“Ah! So few women realize how they actually do look. Haze Ruff could tell them.”
“Haze Ruff. Who in the world is he or she?” asked Eleanor.
“Haze Ruff is a he, all right,” replied Carley, grimly.
“Well, who is he?”
“A sheep-dipper in Arizona,” answered Carley, dreamily.
“Humph! And what can Mr. Ruff tell us?”
“He told me I looked like one of the devil’s angels—and that I dressed to knock the daylights out of men.”
“Well, Carley Burch, if that isn’t rich!” exclaimed Eleanor, with a peal of laughter. “I dare say you appreciate that as an original compliment.”
“No. . . . I wonder what Ruff would say about jazz—I just wonder,” murmured Carley.
“Well, I wouldn’t care what he said, and I don’t care what you say,” returned Eleanor. “The preachers and reformers and bishops and rabbis make me sick. They rave about jazz. Jazz—the discordant note of our decadence! Jazz—the harmonious expression of our musicless, mindless, soulless materialism!—The idiots! If they could be women for a while they would realize the error of their ways. But they will never, never abolish jazz— never, for it is the grandest, the most wonderful, the most absolutely necessary thing for women in this terrible age of smotheration.”
“All right, Eleanor, we understand each other, even if we do not agree,” said Carley. “You leave the future of women to chance, to life, to materialism, not to their own conscious efforts. I want to leave it to free will and idealism.”
“Carley, you are getting a little beyond me,” declared Eleanor, dubiously.
“What are you going to do? It all comes home to each individual woman. Her attitude toward life.”
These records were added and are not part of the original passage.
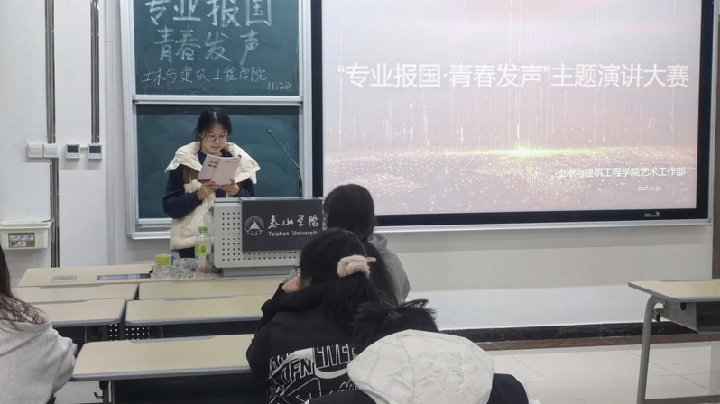 为深入落实学院“新时代,做学习新思想的优秀大学生”成长培养计划,引导同学们树立思想新风尚,11月20日,土木与建筑工程学院于新生二部综合楼C1014举办“专业报国·青春发声”主题演讲活动。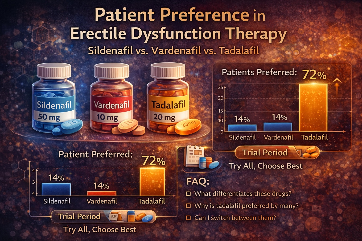 The emergence of oral phosphodiesterase type 5 (PDE5) inhibitors transformed ED management. Sildenafil, vardenafil, and tadalafil offered safe, effective, and non-invasive solutions. Yet with multiple options came a new question: not which drug works, but which one is preferred.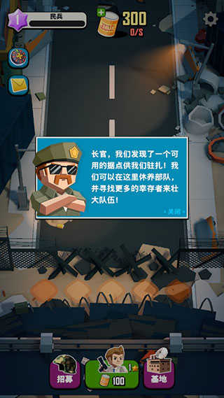 1、搜索营地拯救幸存者,招募士兵抵抗死者的疯狂攻击。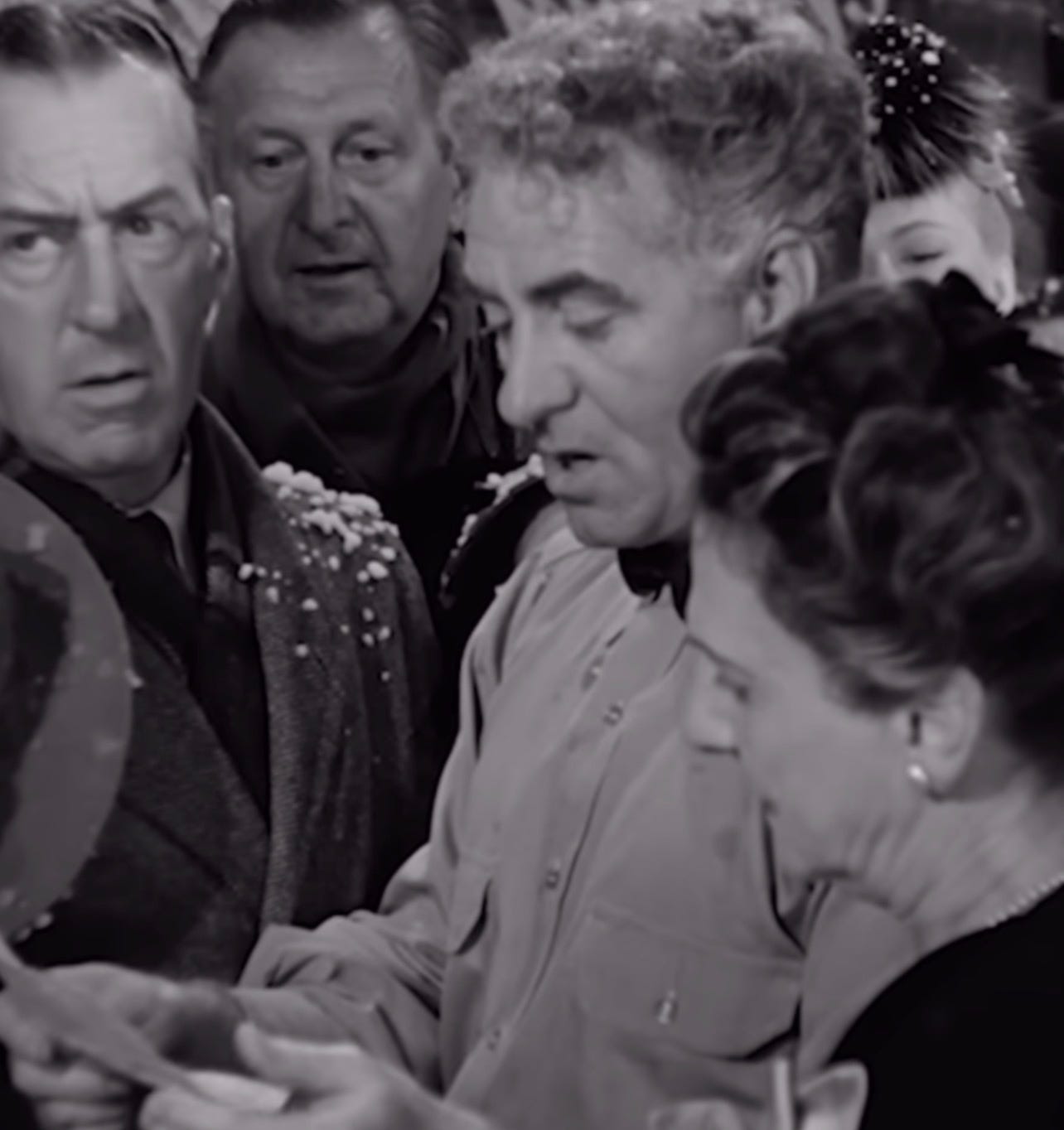 Of course the final minutes of the story are the most moving. But, it’s not little Zuzu announcing what a ringing bell means that gets my waterworks flowing. It’s not Harry toasting his brother George as ‘the richest man in town,’ either. It’s not Martini busting the juke box, Mr. Gower settling his charge accounts, Annie dumping her life savings in the basket, or a half-dozen other kindnesses amidst the cathartic closing. My tears are triggered by someone who isn’t even in the country, much less the room. It’s Sam Wainwright’s telegram from London, as read aloud by Ernie the cab driver. You remember Sam, dontcha? He’s the industrialist who invited George in on the ground floor of the plastics industry, even as he was losing his girl (Mary) to him over the phone. And honestly, it’s not even the wealthy fella’s $25,000 pledge ($400K in today’s dollars!) that does it for me, although clearly that’s the moment we all know George is going to be alright, his debt hurdle comfortably exceeded. Watch closely the next time you take it in. Look for Mary’s glance to George as the telegram’s incredible news is shared, and the realization that washes over George as his face falls and he squeezes Zuzu tightly. That’s the stuff. You might recall that he had told Potter he couldn’t get in touch with Sam. And I’ve long held that somehow it was Mary who found him and explained their plight. That has to account for the look she gives George. She made it happen. She literally saved the day. I can imagine how humbling it must’ve been to make that plea, but love won; shining bigger and brighter than anything in its way. A wonderful life, indeed.
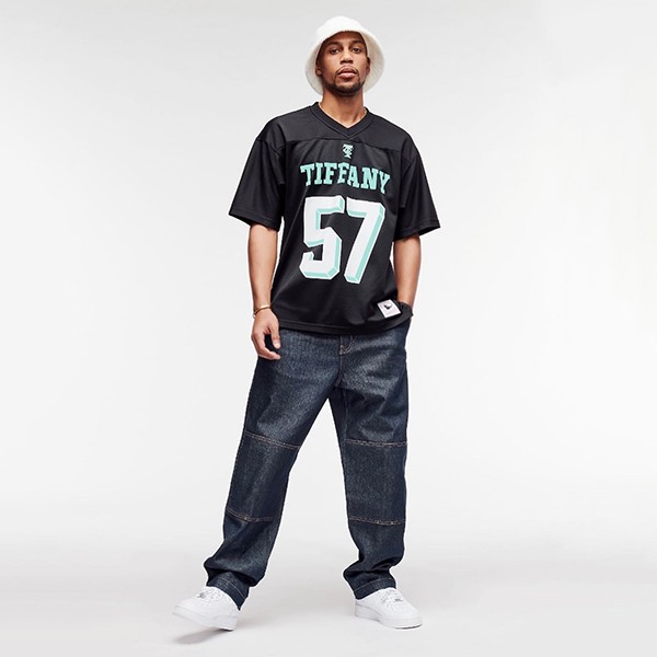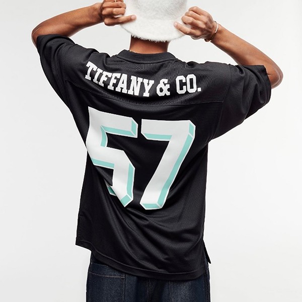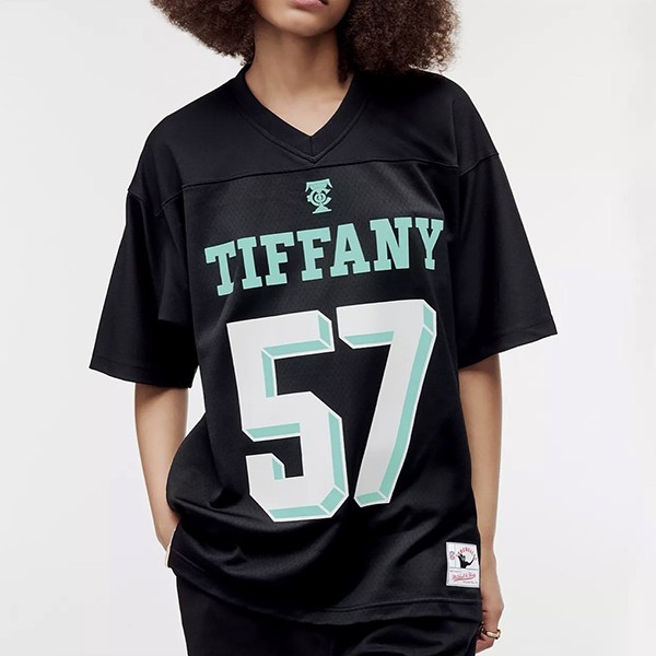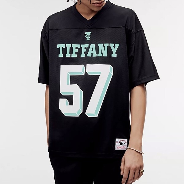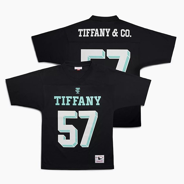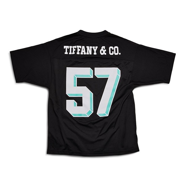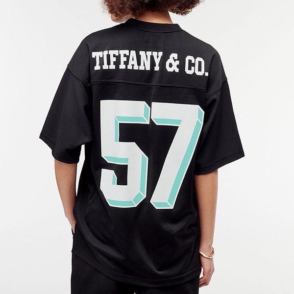 ブラックをベースに、胸元と背面に施された“ティファニーブルー”のロゴとナンバリングが存在感を放ちます。ナンバー「57」は、ニューヨーク五番街57丁目にあるティファニー本店と、第57回NFLスーパーボウルの開催を記念した特別な意味を持っています。 -

“I’ll drift along with the current, Carley, and be a good sport,” replied Eleanor, smiling.
“You don’t care about the women and children of the future? You’ll not deny yourself now, and think and work, and suffer a little, in the interest of future humanity?”
“How you put things, Carley!” exclaimed Eleanor, wearily. “Of course I care—when you make me think of such things. But what have I to do with the lives of people in the years to come?”
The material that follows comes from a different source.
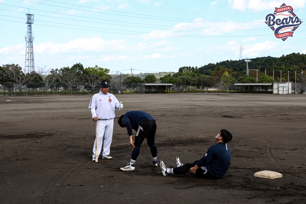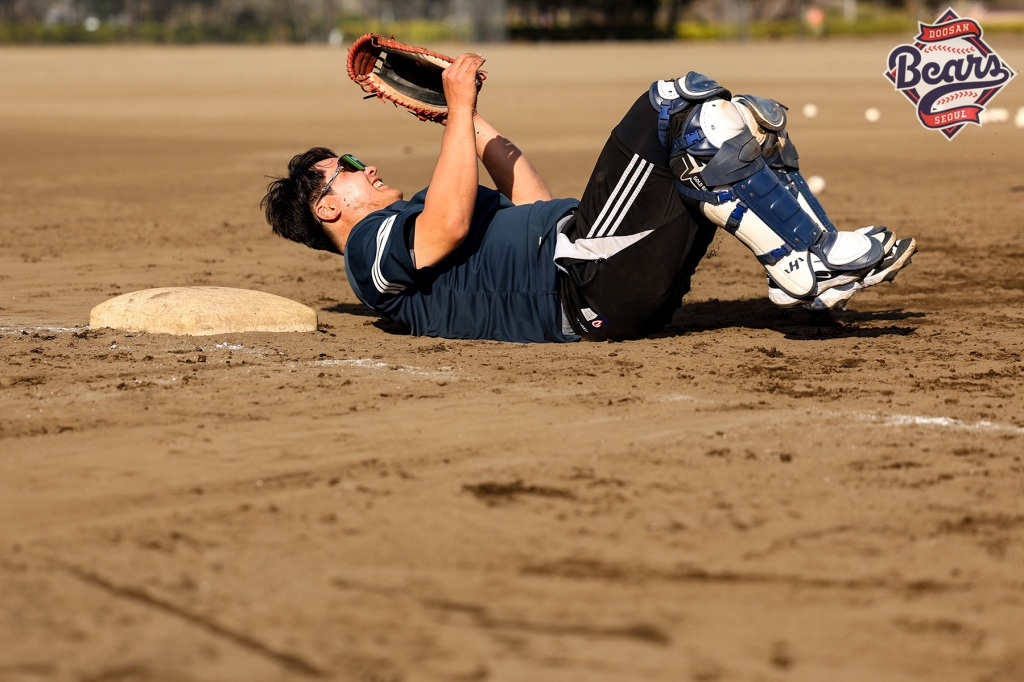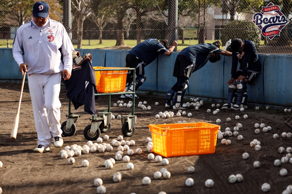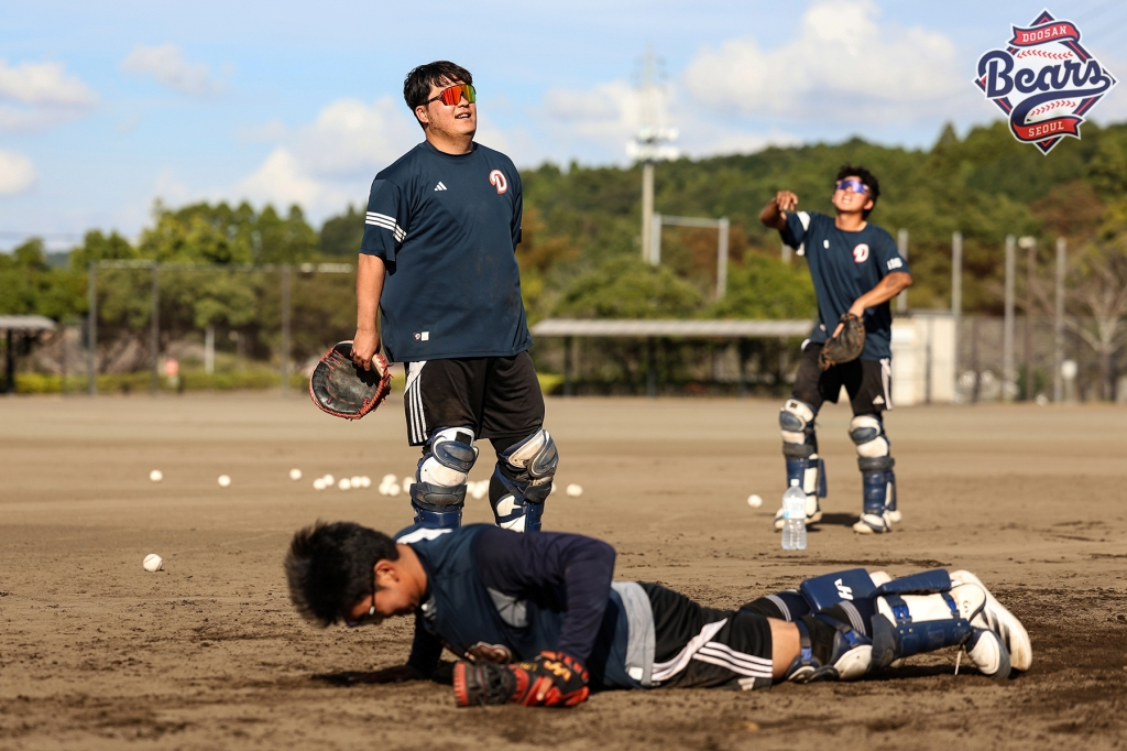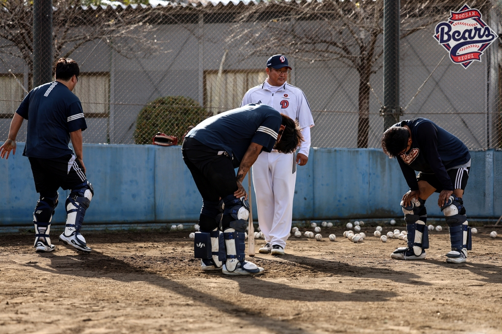 두산의 일본 미야자키 마무리 캠프가 한창이다. 특히 포수조 3명(김기연, 류현준, 김성재)은 '살아있는 레전드 안방마님' 조인성 배터리 코치의 집중 지도 아래 더욱 굵은 땀방울을 뚝뚝 흘리고 있다.

“Everything. America for Americans! While you dawdle, the life blood is being sucked out of our great nation. It is a man’s job to fight; it is a woman’s to save. . . . I think you’ve made your choice, though you don’t realize it. I’m praying to God that I’ll rise to mine.”
Carley had a visitor one morning earlier than the usual or conventional time for calls.
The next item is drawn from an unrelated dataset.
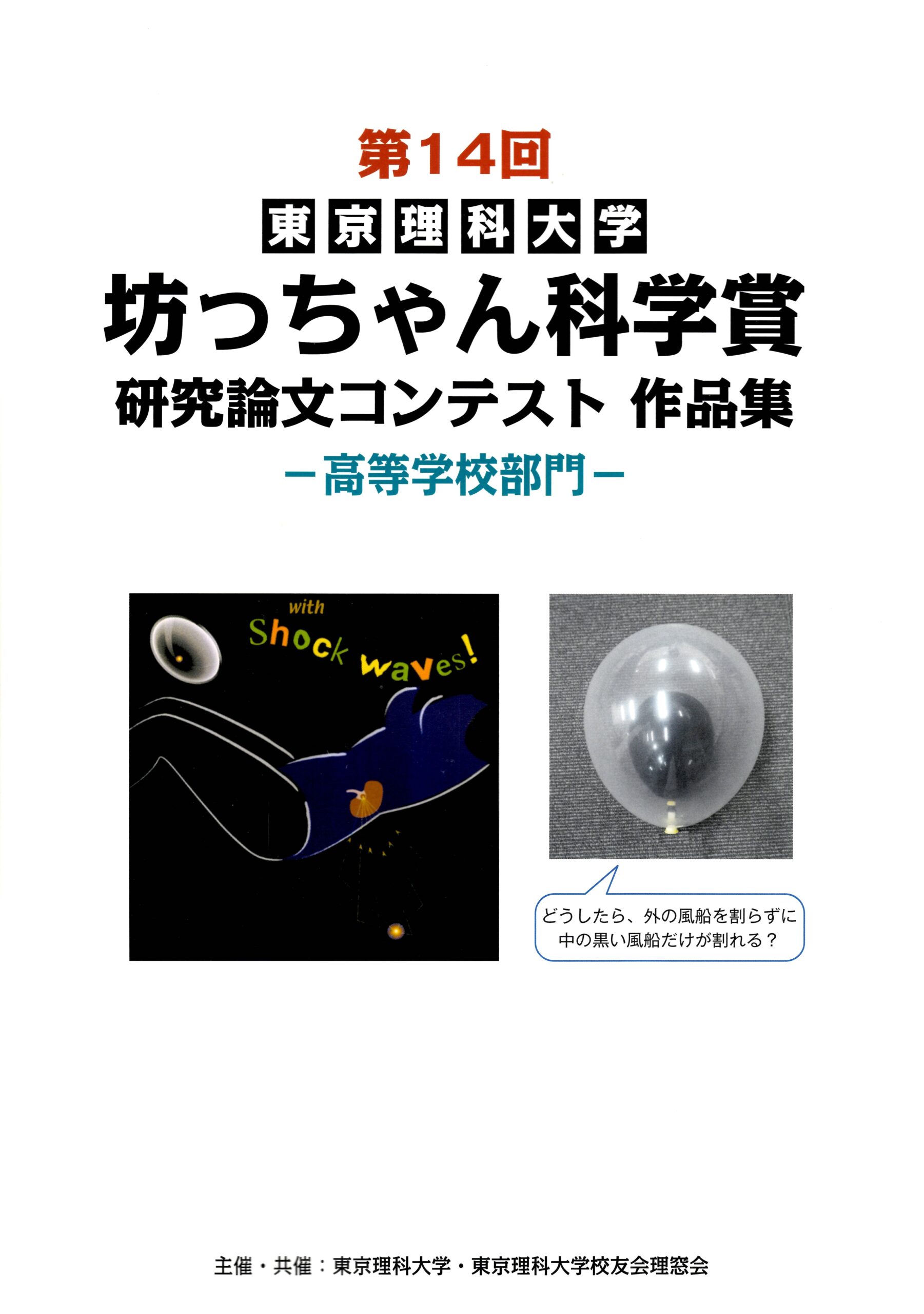 生物部です!昨年(2023)9月の「第14回 坊っちゃん科学賞 研究論文コンテスト(高等学校部門)※」(主催:東京理科大学 東京理科大学校友会理窓会)において『優良入賞』の審査結果を頂きました3年生の研究作品「カカオポリフェノールの経口摂取によるヘアレスマウスの日焼予防効果」ですが、11月の表彰式を経て、『第14回 坊っちゃん科学賞 研究論文コンテスト 作品集(高等学校部門)』に研究内容が掲載されました。

“He wouldn’t give no name,” said the maid. “He wears soldier clothes, ma’am, and he’s pale, and walks with a cane.”
“Tell him I’ll be right down,” replied Carley.
Her hands trembled while she hurriedly dressed. Could this caller be Virgil Rust? She hoped so, but she doubted.
As she entered the parlor a tall young man in worn khaki rose to meet her. At first glance she could not name him, though she recognized the pale face and light-blue eyes, direct and steady.